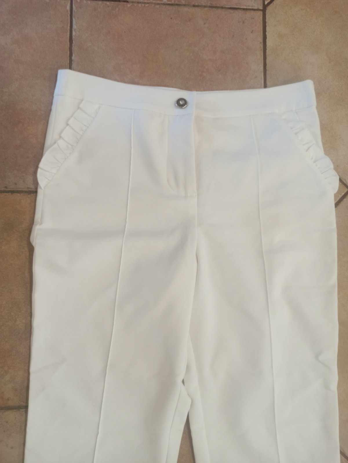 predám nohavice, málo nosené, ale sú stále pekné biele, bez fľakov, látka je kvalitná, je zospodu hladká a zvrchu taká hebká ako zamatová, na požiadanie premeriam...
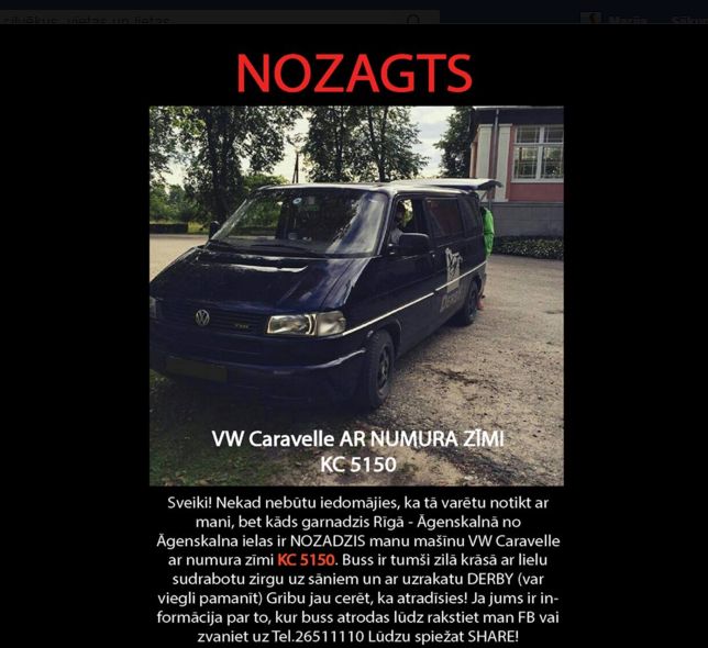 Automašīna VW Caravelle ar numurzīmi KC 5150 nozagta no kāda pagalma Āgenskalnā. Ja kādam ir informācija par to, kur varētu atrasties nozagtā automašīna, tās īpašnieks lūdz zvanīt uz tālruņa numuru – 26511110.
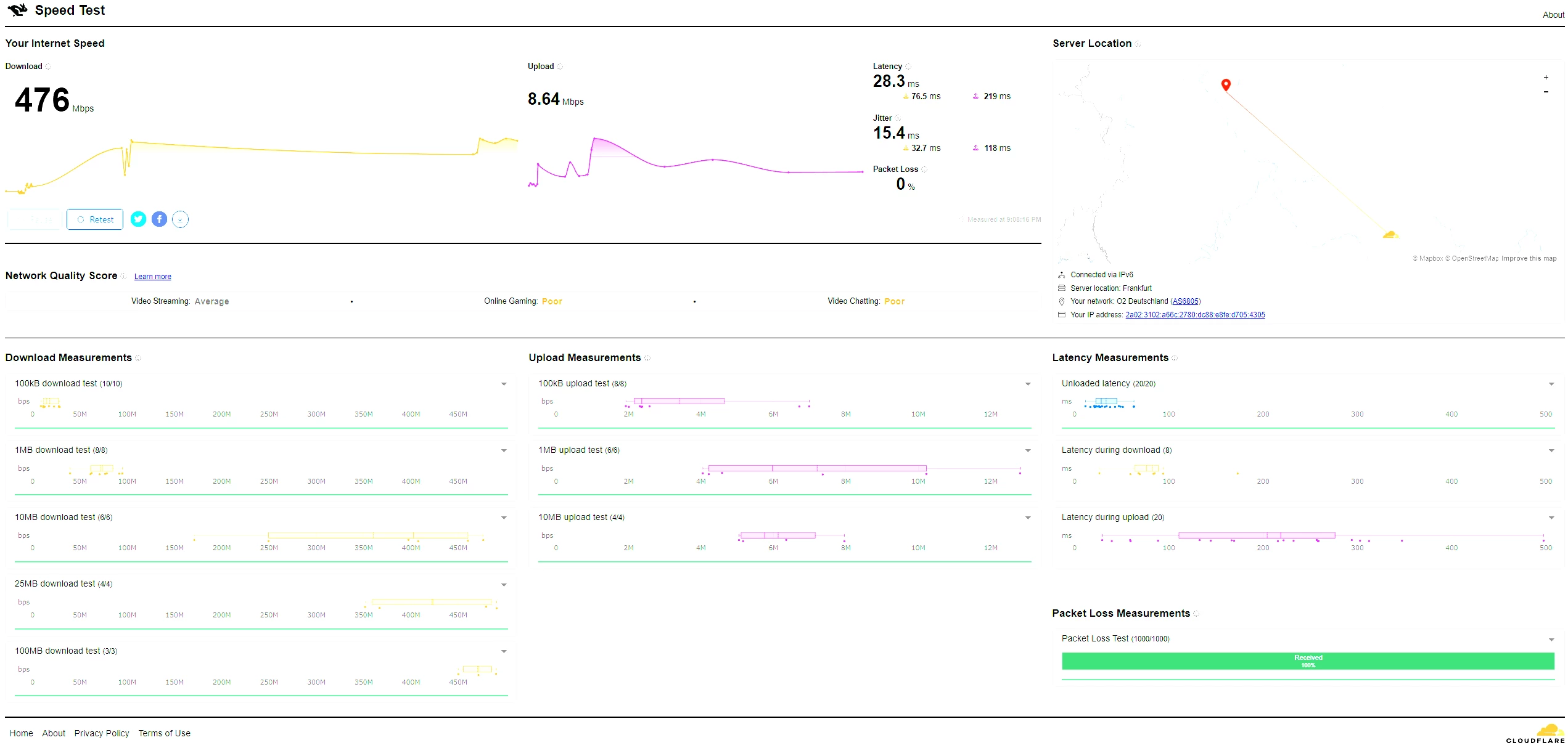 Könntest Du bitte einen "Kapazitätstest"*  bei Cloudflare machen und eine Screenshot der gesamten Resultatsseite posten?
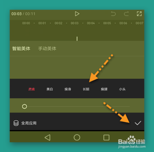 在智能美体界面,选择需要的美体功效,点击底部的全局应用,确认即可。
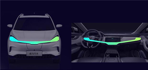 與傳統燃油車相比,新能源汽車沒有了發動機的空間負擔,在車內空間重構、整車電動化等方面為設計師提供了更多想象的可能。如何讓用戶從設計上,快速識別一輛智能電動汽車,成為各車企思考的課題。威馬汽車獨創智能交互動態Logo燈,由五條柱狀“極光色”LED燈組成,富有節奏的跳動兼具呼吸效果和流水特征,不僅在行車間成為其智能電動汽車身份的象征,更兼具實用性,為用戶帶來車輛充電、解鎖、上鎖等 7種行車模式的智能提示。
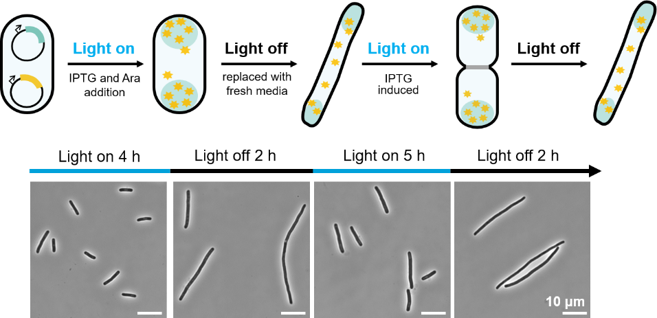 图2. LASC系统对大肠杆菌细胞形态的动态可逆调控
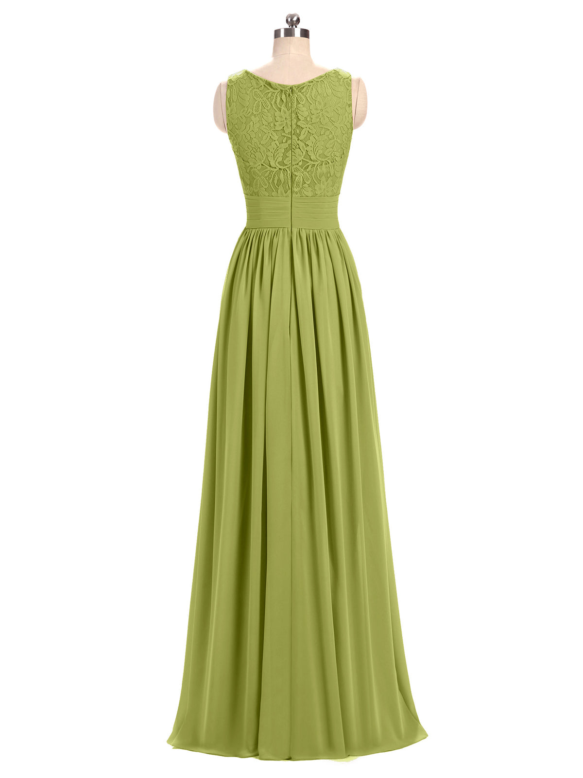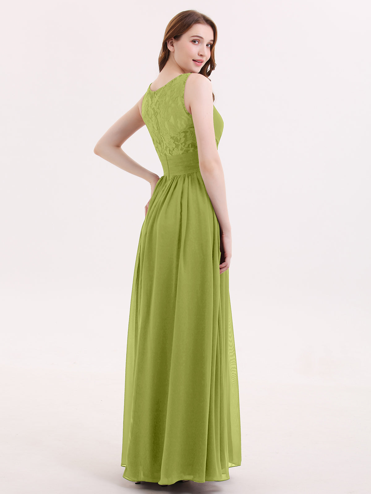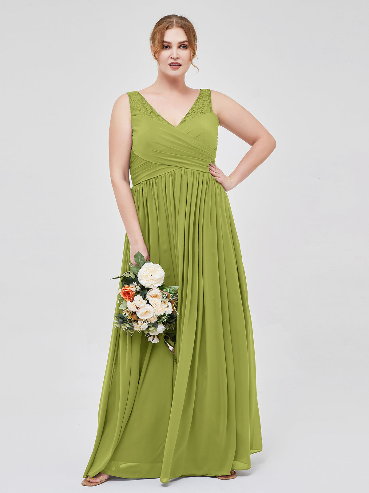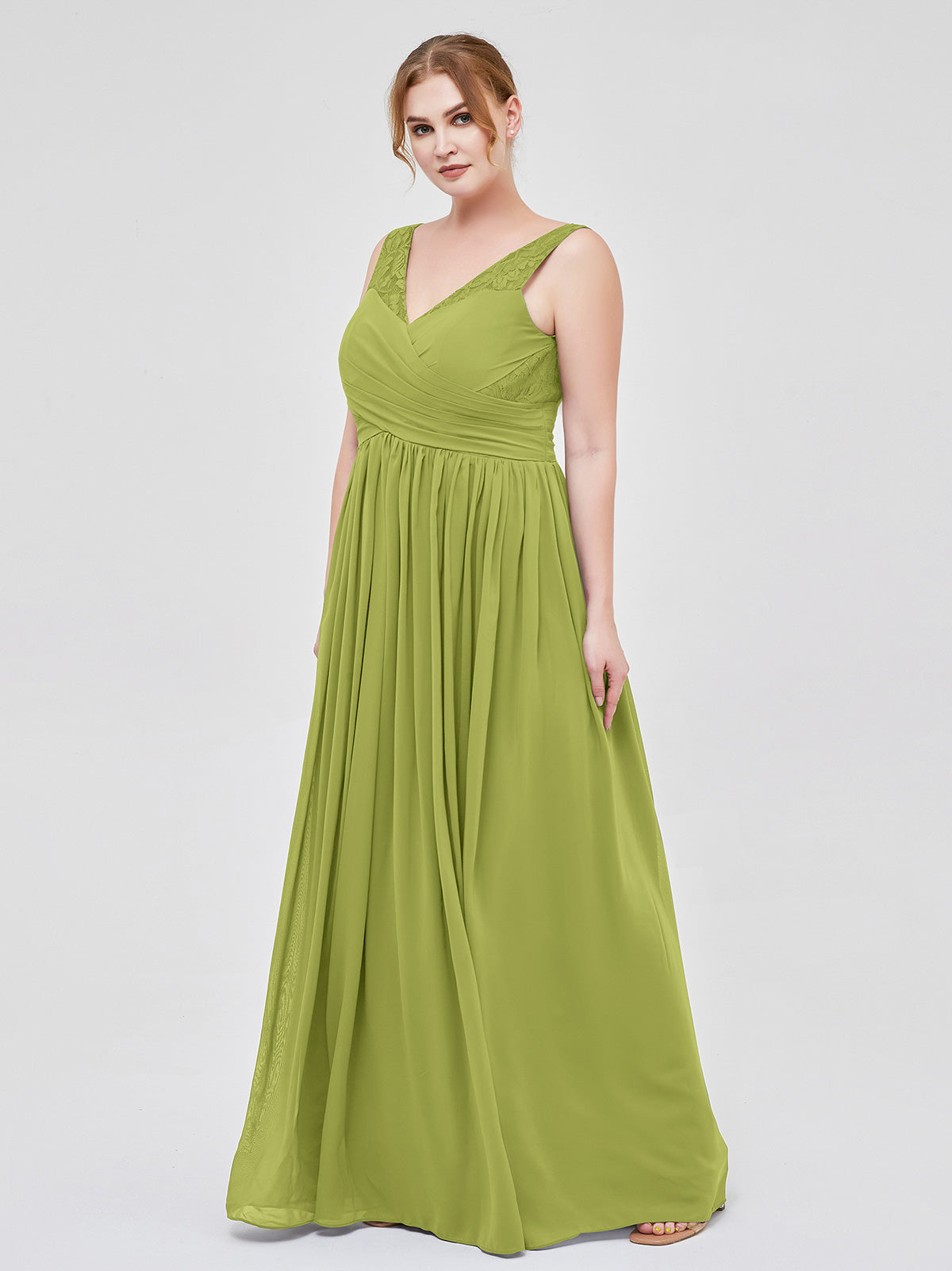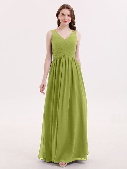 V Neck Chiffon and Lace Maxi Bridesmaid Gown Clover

---

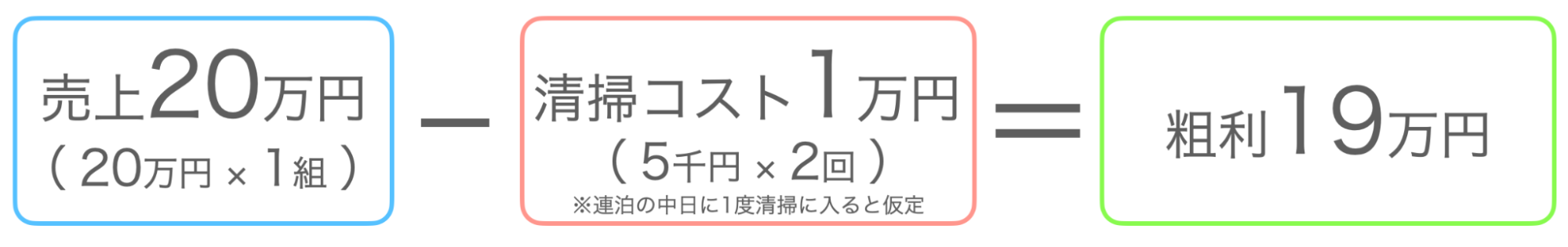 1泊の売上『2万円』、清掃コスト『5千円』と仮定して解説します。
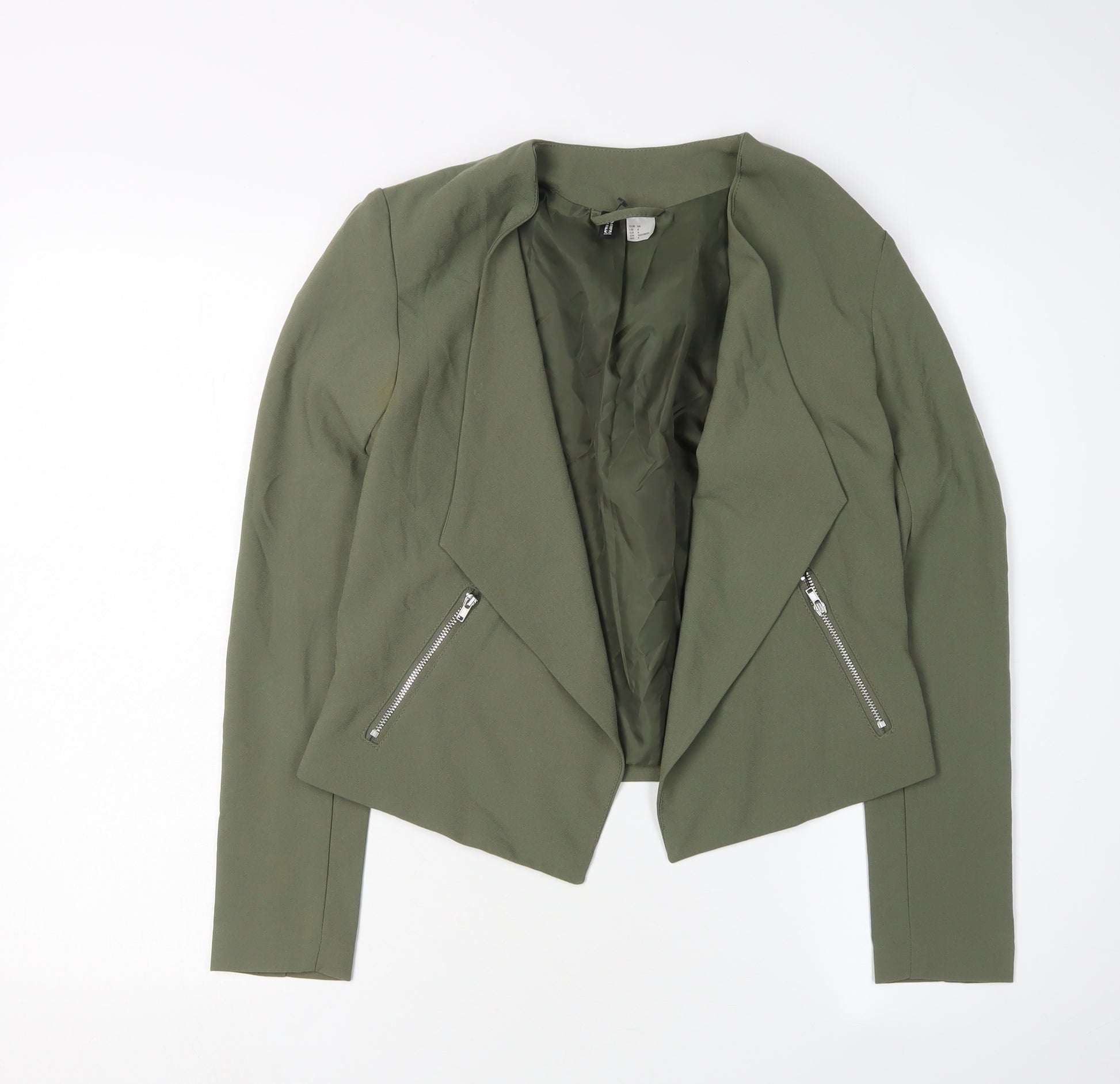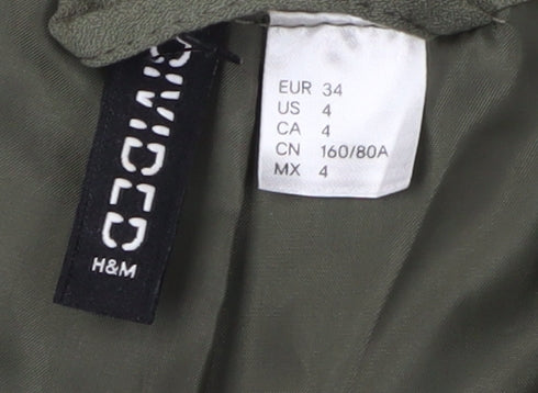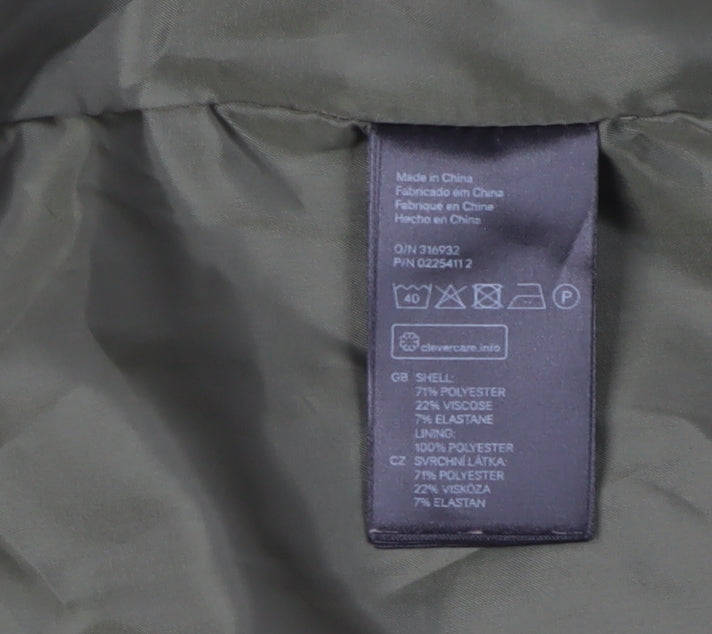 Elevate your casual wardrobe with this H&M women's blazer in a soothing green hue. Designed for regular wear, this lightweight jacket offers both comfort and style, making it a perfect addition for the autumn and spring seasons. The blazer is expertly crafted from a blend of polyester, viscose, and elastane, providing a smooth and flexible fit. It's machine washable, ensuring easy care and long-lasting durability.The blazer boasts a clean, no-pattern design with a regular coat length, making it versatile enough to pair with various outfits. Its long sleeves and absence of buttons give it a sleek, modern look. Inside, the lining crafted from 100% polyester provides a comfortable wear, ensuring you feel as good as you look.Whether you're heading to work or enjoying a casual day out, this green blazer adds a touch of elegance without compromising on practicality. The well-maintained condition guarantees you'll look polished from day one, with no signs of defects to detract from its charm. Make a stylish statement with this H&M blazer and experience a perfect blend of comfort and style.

* **Description of the task**
Repeat only the stretch of data above that runs from the line with "predám nohavice, málo" to the line with "图2. LASC系统对大肠杆菌细胞形态的动态可逆调控". Keep both end lines; exclude pictures.

* **Solved problem**
 predám nohavice, málo nosené, ale sú stále pekné biele, bez fľakov, látka je kvalitná, je zospodu hladká a zvrchu taká hebká ako zamatová, na požiadanie premeriam...
 Automašīna VW Caravelle ar numurzīmi KC 5150 nozagta no kāda pagalma Āgenskalnā. Ja kādam ir informācija par to, kur varētu atrasties nozagtā automašīna, tās īpašnieks lūdz zvanīt uz tālruņa numuru – 26511110.
 Könntest Du bitte einen "Kapazitätstest"*  bei Cloudflare machen und eine Screenshot der gesamten Resultatsseite posten?
 在智能美体界面,选择需要的美体功效,点击底部的全局应用,确认即可。
 與傳統燃油車相比,新能源汽車沒有了發動機的空間負擔,在車內空間重構、整車電動化等方面為設計師提供了更多想象的可能。如何讓用戶從設計上,快速識別一輛智能電動汽車,成為各車企思考的課題。威馬汽車獨創智能交互動態Logo燈,由五條柱狀“極光色”LED燈組成,富有節奏的跳動兼具呼吸效果和流水特征,不僅在行車間成為其智能電動汽車身份的象征,更兼具實用性,為用戶帶來車輛充電、解鎖、上鎖等 7種行車模式的智能提示。
 图2. LASC系统对大肠杆菌细胞形态的动态可逆调控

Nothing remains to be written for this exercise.